Bilimadamları, son yüzyılda çok sayıda araştırma yapmış olmasına rağmen beynimizin tam olarak nasıl çalıştığını çezememişlerdir. Beyin milyonlarca sinir hücresiyle, glia hücresi adını alan destek hücrelerden oluşur. Sinir hücrelerinin, bilgileri getirici ve götürücü uzantıları vardır. Tek bir hücrenin, 200 diğer hücreyle bağlantısı olabilir. Birçok hücrenin, vücudumuzun uzak bölgelerine varan çok uzun lifleri bulunur.
Atardamar ne işe yarar?
Atardamar, kanı kalbumuzdin organlarımıza kan taşıan damardır.

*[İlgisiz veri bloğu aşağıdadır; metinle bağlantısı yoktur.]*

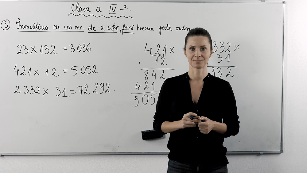 Lecția arată cum să înmulțești un număr cu un altul,de două cifre, fără trecere peste ordin, explicând fiecare pas de calcul și modul de organizare a cifrelor. Copiii urmăresc exemple clare cu numere de două cifre și învață să alinieze produsele parțiale, asigurându-se de calculul corect. Materialul video simplifică procesul prin grafice prietenoase.
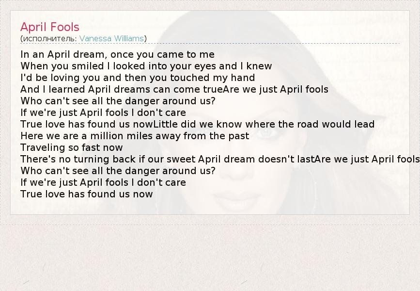 There's no turning back if our sweet April dream doesn't lastAre we just April fools
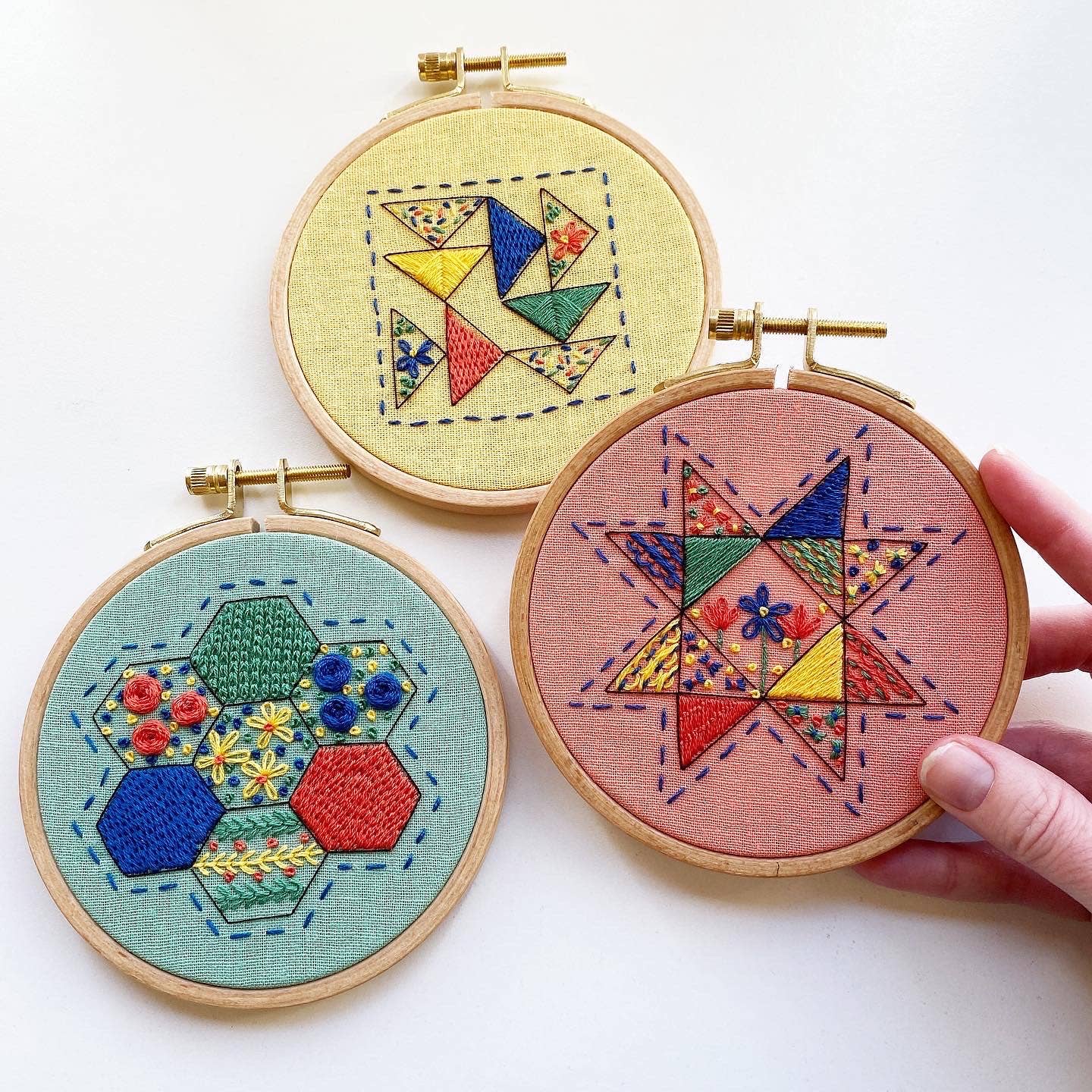 Just add scissors! This embroidery kit has everything you need to complete the shown Seeing Starflowers embroidery inspired by the traditional Starflower quilt block. Are you crafty? Can you follow instructions? Then you can do this! Every stitch in this project is well explained and suitable for a beginner embroiderer. This is a Modern Sampler so while I tell you exactly how I did mine, you get to choose which stitches to focus on, where you place them, and which colors you use! We are an eco conscious brand. While we are not perfect, we are proud that our kits have NO plastic packaging and our booklets and labels are printed on 100% recycled paper. Contents: - quality 4” beechwood embroidery hoop - linen blend fabric - 5 skeins of DMC embroidery floss - 2 needles - water soluble (blue) pen - pattern - easy to follow instruction booklet with color pictures - felt for backing All this comes in a project bag to keep everything together (that also means minimal packaging)!
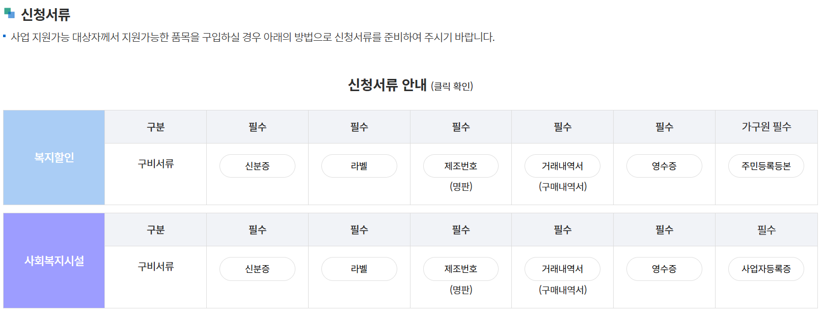 개인 구매 항목은 '복지할인'을 통해 신청을 계속 진행하실 수 있으며 기관에서 구매한 제품의 경우 '사회복지시설 대상' 으로 신청을 진행하셔야 합니다.

Böbreğimizin ana görevi nedir?
Böbreğimiz, kandan idrarı çıkartmaya yarar.
Diafragma nedir?
Göğüs ve karın boşlukları arasında bulunan, solunumda önemli rolü olan geniş bir kastır.
DNA nedir?
DNA genlerin esas yapısı olan, bir kimyasal maddedir.
Doku nedir?
Bir organı oluşturan benzer cinsten hücreler topluluğuna doku denir.
Enzim nedir?
Enzim, sindirim gibi vücuttaki kimyasal değişiklikleri kimyasal bir maddedir.
Hormon nedir?
Hormon, vücudun bir bölgesinde bir bezce yapılan, dolaşımla gidip, diğer vücut bölgelerinin çalışmasını etkileyen bir kimyasal habercidir.
Hücre bölünmesi nedir?
Bir hücrenin iki ufak hücreye bölünerek üremesidir.
Kalbimiz nasıl çalışır?
Kalp, kanı vücutta dolaştıran kas pompadır. Dakikada, ortalama 70 kez atar. Her atımda, kalbin iki tarafından üçte bir bardak kadar kan atılır. Tek bir dolaşım yarım dakika kadar sürer. Kalbin sol tarafı, akciğerlerden gelen oksijeni zengin kanla buluşturur; sağıysa kirli kanı temizler.